## TASK DATA

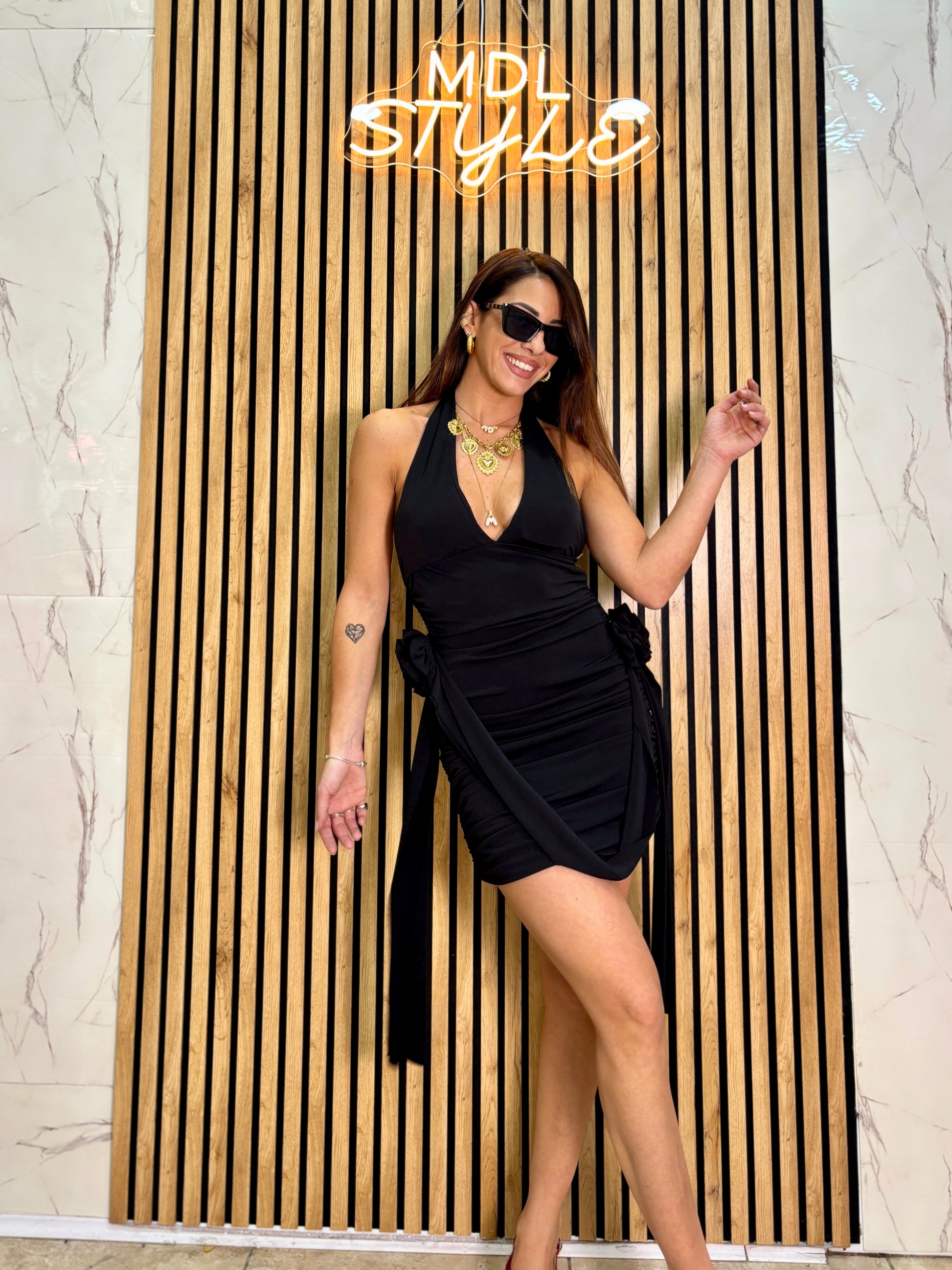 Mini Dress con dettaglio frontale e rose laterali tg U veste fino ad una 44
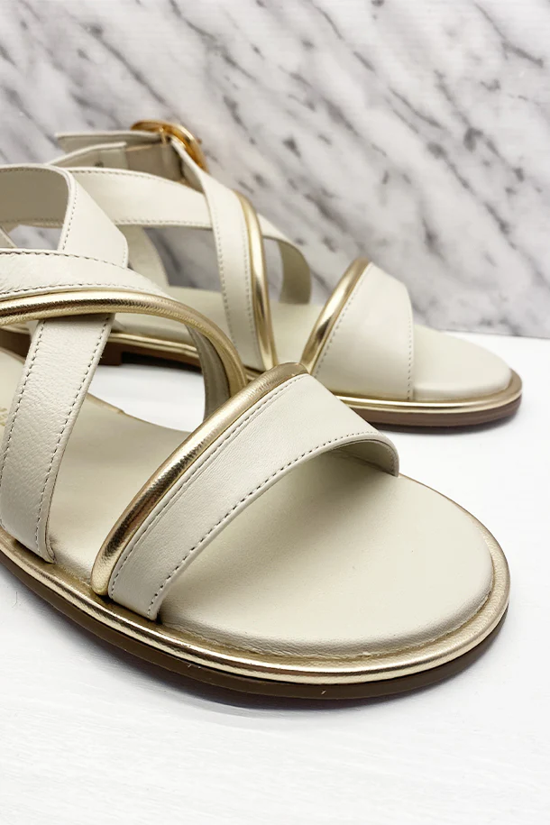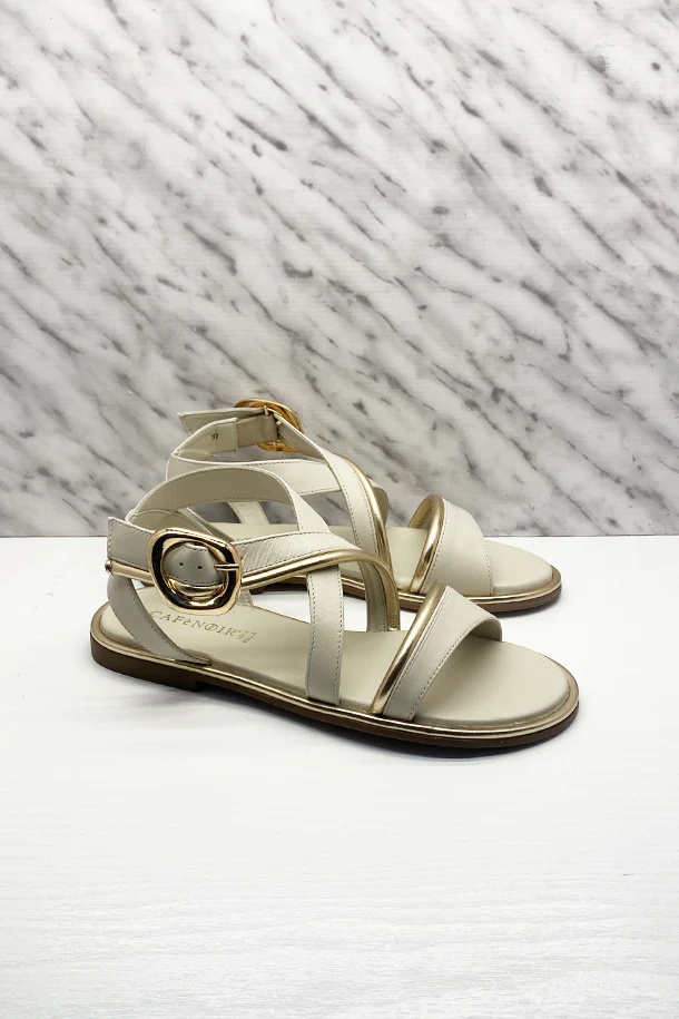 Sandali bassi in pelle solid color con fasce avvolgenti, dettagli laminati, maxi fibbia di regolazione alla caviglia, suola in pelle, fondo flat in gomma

---

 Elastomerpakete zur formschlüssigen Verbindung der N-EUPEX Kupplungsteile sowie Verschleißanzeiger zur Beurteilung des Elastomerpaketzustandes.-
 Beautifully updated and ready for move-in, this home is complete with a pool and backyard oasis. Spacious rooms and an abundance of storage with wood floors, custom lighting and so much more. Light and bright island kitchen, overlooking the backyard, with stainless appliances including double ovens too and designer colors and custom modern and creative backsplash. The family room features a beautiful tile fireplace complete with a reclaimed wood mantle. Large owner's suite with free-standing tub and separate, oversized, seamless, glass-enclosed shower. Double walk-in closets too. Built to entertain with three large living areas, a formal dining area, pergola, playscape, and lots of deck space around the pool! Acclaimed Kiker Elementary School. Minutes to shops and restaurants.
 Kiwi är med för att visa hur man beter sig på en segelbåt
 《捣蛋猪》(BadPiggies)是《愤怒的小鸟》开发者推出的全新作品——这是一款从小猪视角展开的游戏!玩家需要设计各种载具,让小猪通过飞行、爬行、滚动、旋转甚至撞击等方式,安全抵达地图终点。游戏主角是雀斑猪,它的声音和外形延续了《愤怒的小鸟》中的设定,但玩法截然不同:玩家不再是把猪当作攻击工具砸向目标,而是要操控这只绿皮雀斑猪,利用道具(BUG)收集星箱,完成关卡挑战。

--

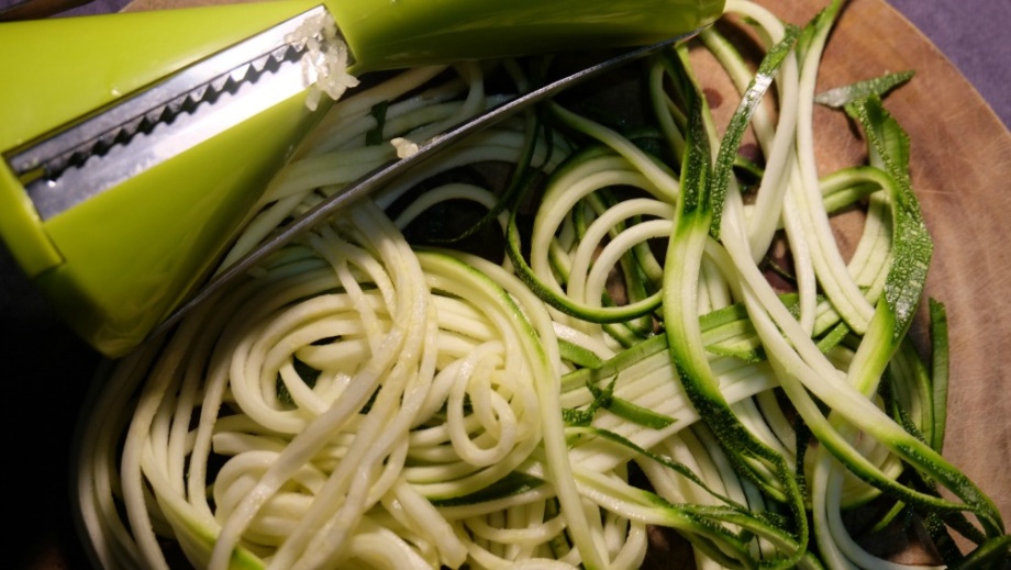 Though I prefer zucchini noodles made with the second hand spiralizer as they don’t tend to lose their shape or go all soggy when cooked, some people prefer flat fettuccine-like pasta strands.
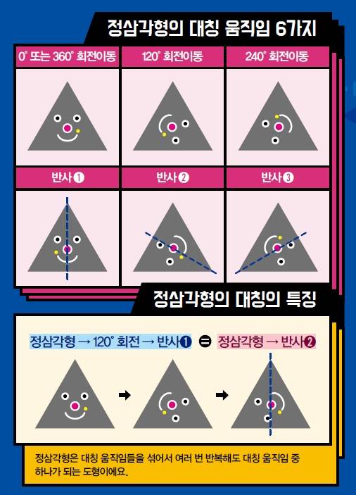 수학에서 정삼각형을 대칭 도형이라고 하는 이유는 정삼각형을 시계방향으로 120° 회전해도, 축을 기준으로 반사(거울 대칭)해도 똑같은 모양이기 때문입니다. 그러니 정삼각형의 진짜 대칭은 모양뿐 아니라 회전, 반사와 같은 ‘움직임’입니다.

## REQUIRED WORK
Retype only the stretch of lines above starting at the one with "Beautifully updated and" and stopping at the one with "Kiwi är med", exactly as written, with both kept.

## RESULT OF THE EXERCISE
 Beautifully updated and ready for move-in, this home is complete with a pool and backyard oasis. Spacious rooms and an abundance of storage with wood floors, custom lighting and so much more. Light and bright island kitchen, overlooking the backyard, with stainless appliances including double ovens too and designer colors and custom modern and creative backsplash. The family room features a beautiful tile fireplace complete with a reclaimed wood mantle. Large owner's suite with free-standing tub and separate, oversized, seamless, glass-enclosed shower. Double walk-in closets too. Built to entertain with three large living areas, a formal dining area, pergola, playscape, and lots of deck space around the pool! Acclaimed Kiker Elementary School. Minutes to shops and restaurants.
 Kiwi är med för att visa hur man beter sig på en segelbåt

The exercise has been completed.